About this task - Your answer must be exactly the lines from the one containing "for coloring book" through the end of the material, both ends included, without pictures.

Provided material -

====================

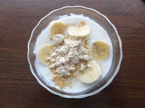 花粉症の症状を抑えたい…きな粉と果物入りヨーグルトを
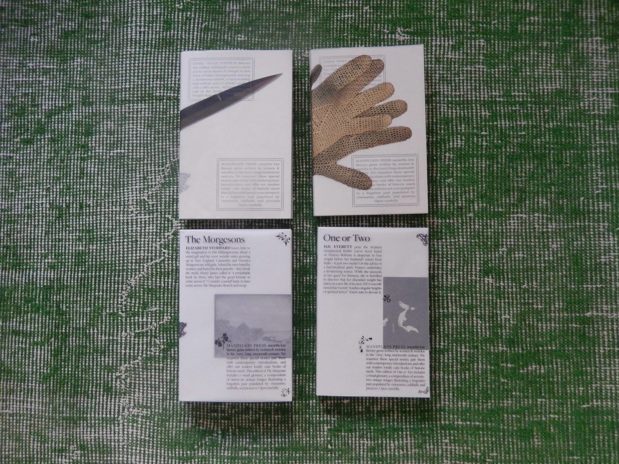 Mandylion® was founded on New Year’s Eve 2022 by Madeline Porsella and Mabel Capability Taylor, who met studying chairs in graduate school. Mandylion unearths lost literary gems written by women and weirdos in the (very) long nineteenth century. Based between New York City, Connecticut, and the fourth dimension, Mandylion pairs special stories with inviting introductions—producing totally cute books of historical merit.
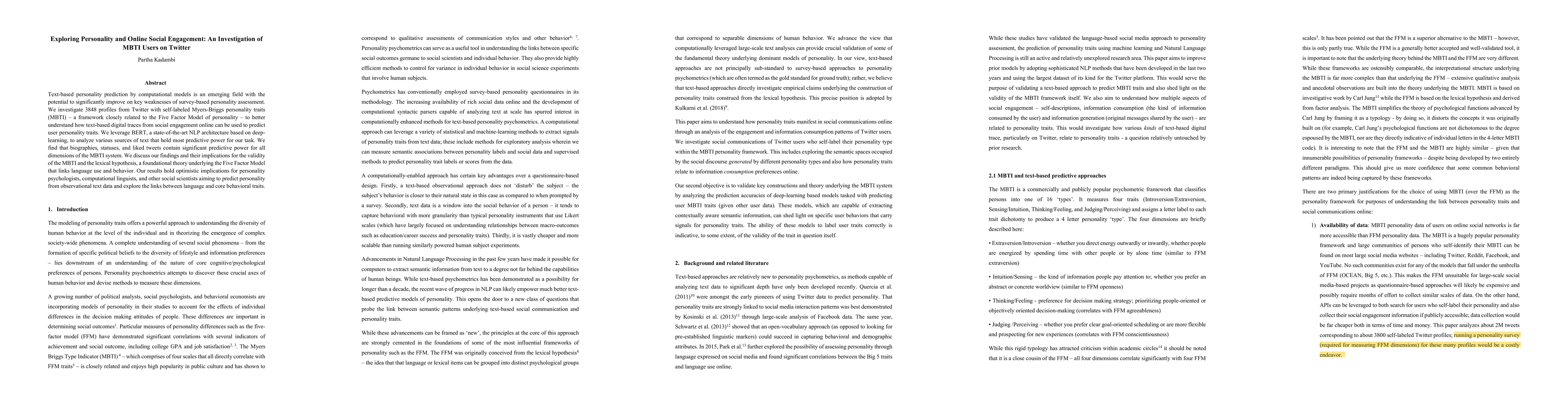 Text-based personality prediction by computational models is an emerging field with the potential to significantly improve on key weaknesses of survey-based personality assessment. We investigate 3848 profiles from Twitter with self-labeled Myers-Briggs personality traits (MBTI) - a framework closely related to the Five Factor Model of personality - to better understand how text-based digital traces from social engagement online can be used to predict user personality traits. We leverage BERT, a state-of-the-art NLP architecture based on deep learning, to analyze various sources of text that hold most predictive power for our task. We find that biographies, statuses, and liked tweets contain significant predictive power for all dimensions of the MBTI system. We discuss our findings and their implications for the validity of the MBTI and the lexical hypothesis, a foundational theory underlying the Five Factor Model that links language use and behavior. Our results hold optimistic implications for personality psychologists, computational linguists, and other social scientists aiming to predict personality from observational text data and explore the links between language and core behavioral traits.
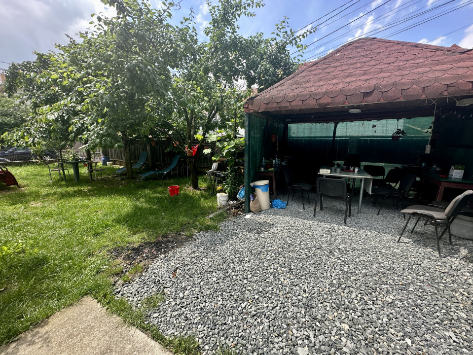 Curtea este mare 600 mp, frumos amenajată cu verdeața, foișor, frontul fiind mare 28 mp la 2 străzi.
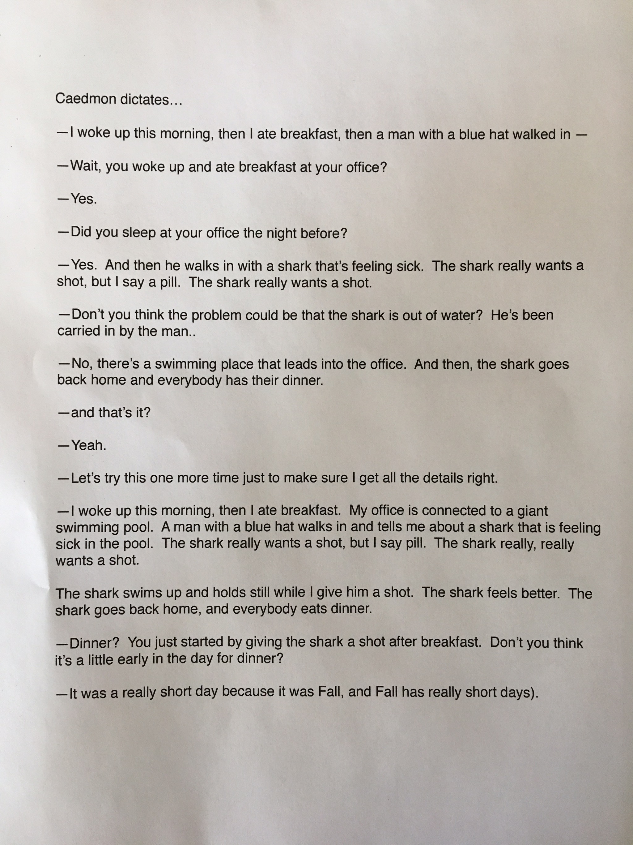 During homeschool last week Caedmon was suppose to dictate a story to Clint about a vet and the interesting animals that the vet takes care of and what a day being that vet would be like. Clint ended up typing out the whole conversation because it was so funny. Check it out below-
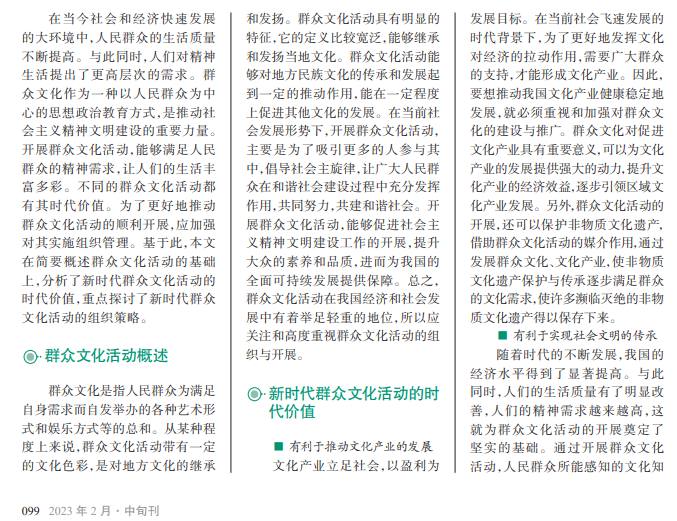 随着我国经济水平的不断提 高和人民生活水平的日益改善,群 众文化已经成为促进经济社会和 谐稳定发展不可或缺的因素。作 为公共文化服务体系的重要组成 部分,群众文化活动在充实人民群 众精神生活、提升民众文化素质等 方面具有积极作用。群众文化活 动有很强的社会功能与时代价值, 在促进社会发展、推进社会主义精 神文明建设的进程中,发挥着不可 取代地重要作用。
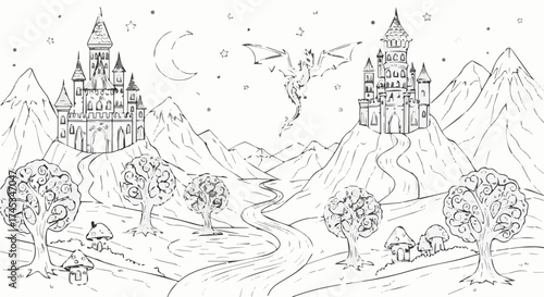 © Handrey, Naklejka premium Fantasy landscape with castles, mountains, dragon, moon and trees for coloring book
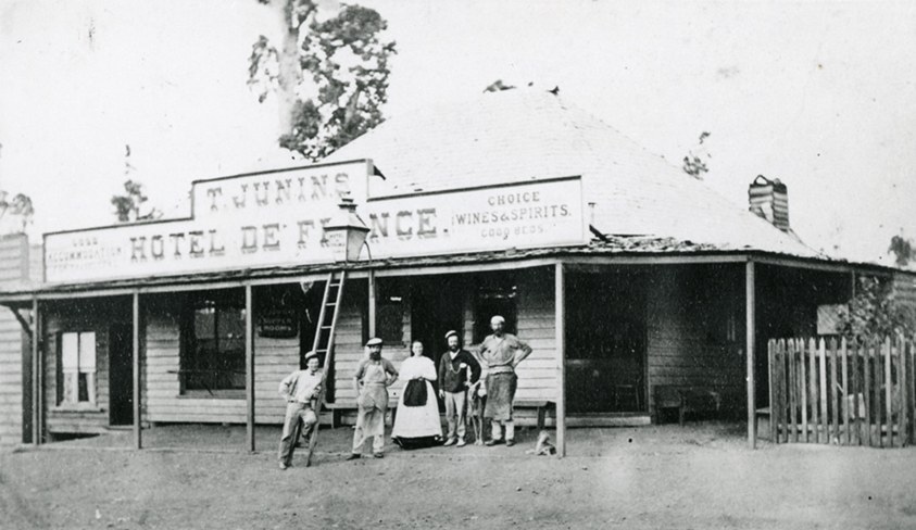 Junin’s Hotel de France 1872 which was located at what is now 143-145 Mary Street (next to Toyworld). Source: E.H. Forster, photographer.

====================

Answer to this task -
 © Handrey, Naklejka premium Fantasy landscape with castles, mountains, dragon, moon and trees for coloring book
 Junin’s Hotel de France 1872 which was located at what is now 143-145 Mary Street (next to Toyworld). Source: E.H. Forster, photographer.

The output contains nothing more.